To my teachers all through primary school and secondary school that taught me the things I needed to know. To Mrs Tobias, Miss Seery, and Mrs Lewis who set me on the path I’m on now. I can’t thank you enough for helping me realise the things that I loved were viable career options. To the lecturers at University, Sarah, Tamsin, and Helen, who listened to those ideas I bought from school and gave me a way to say them.

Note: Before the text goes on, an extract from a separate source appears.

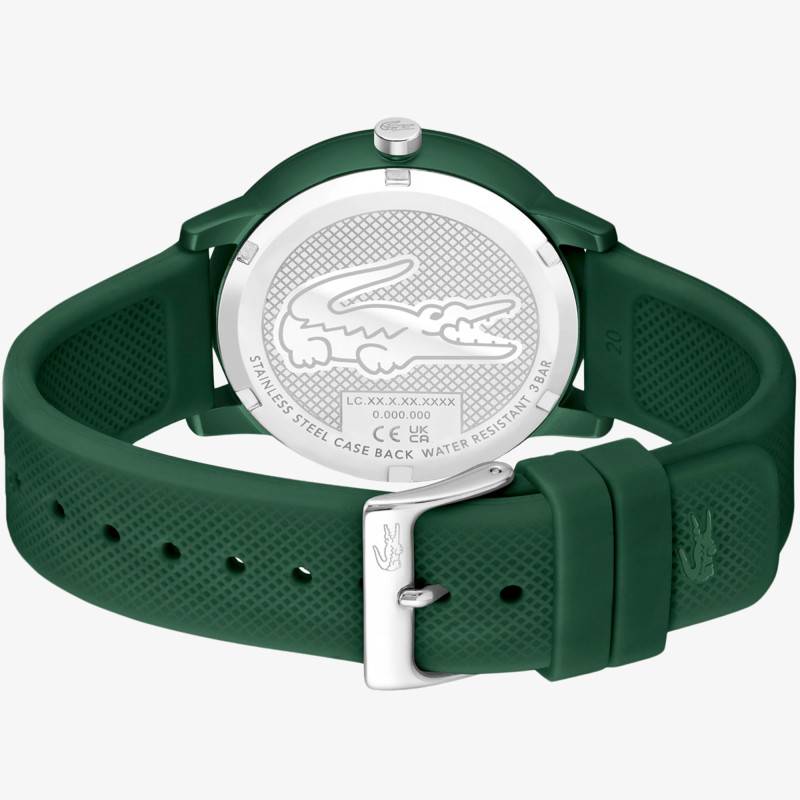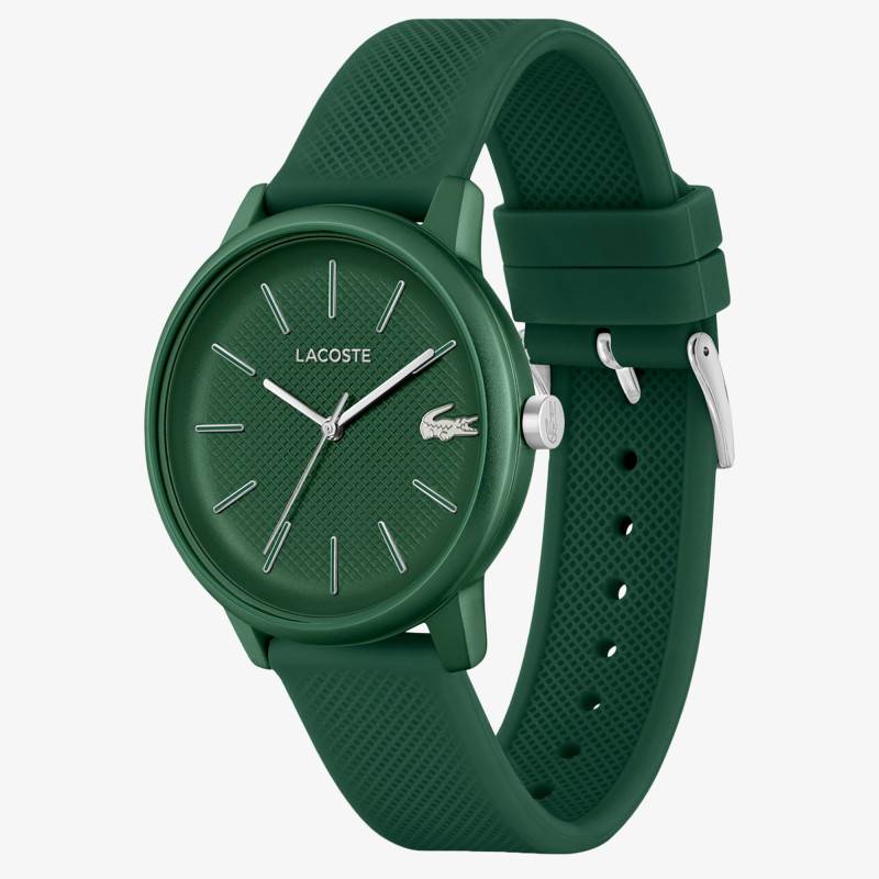 Référence incontournable de la mode, la marque française Lacoste est aujourd'hui symbole d'élégance et de raffinement sportif. Depuis sa création en 1933, elle véhicule les valeurs de son fondateur, la légende du tennis français René Lacoste à travers des créations décontractées au design intemporel et chic. Son crocodile orne aujourd'hui également des gardes-temps sophistiqués et tendances qui inspirent différents styles, dont cette ravissante montre Lacoste.12.12 Move 2011238. Dans un esprit frais et élégant, elle sublimera les poignets de la gent masculine en habillant avec délicatesse n'importe quelle apparence. Son boîtier rond est fabriqué en aluminium et dispose d'une délicate couleur verte pour un rendu décalé et intemporel. Pesant 47 grammes, il mesure 42 mm de diamètre et 9,40 mm d'épaisseur, de quoi assurer un port agréable tout au long de la journée. Il est surmonté d'un verre minéral qui surplombe le cadran. Par ailleurs, une couronne grise s'installe à 3h pour vous servir lors du réglage manuel des heures et des minutes.

To my friends, who inspire me every day in ways they’ll never know. Those I’ve known for years, who’ve somehow managed to put up with me for so long. To those I’ve met at college or university that have expanded my mind and helped me learn. To those that challenge me in the best ways (Becky), and those that help me understand things that I’d never have known (Sophie). To those that impart wisdom (Justine), those that support me and always have (Mel), and those that make me laugh (Nat). To those that can raise a child, build a home, and do it so perfectly (Polly). To those that calm me down and work with me (Tammy), those that are always willing to help (Sarah) and to those that enjoy what I enjoy and discuss it with me for hours (Katy). To those that care about people and aren’t afraid to show it (Heather), those that travelled the world with me (Emily), those that take chances and make life better for those around them (Kate) and those that will always be up for Frankie and Benny’s (Hannah and Jane).
No, a status couldn’t say all that. Not one people would read anyway.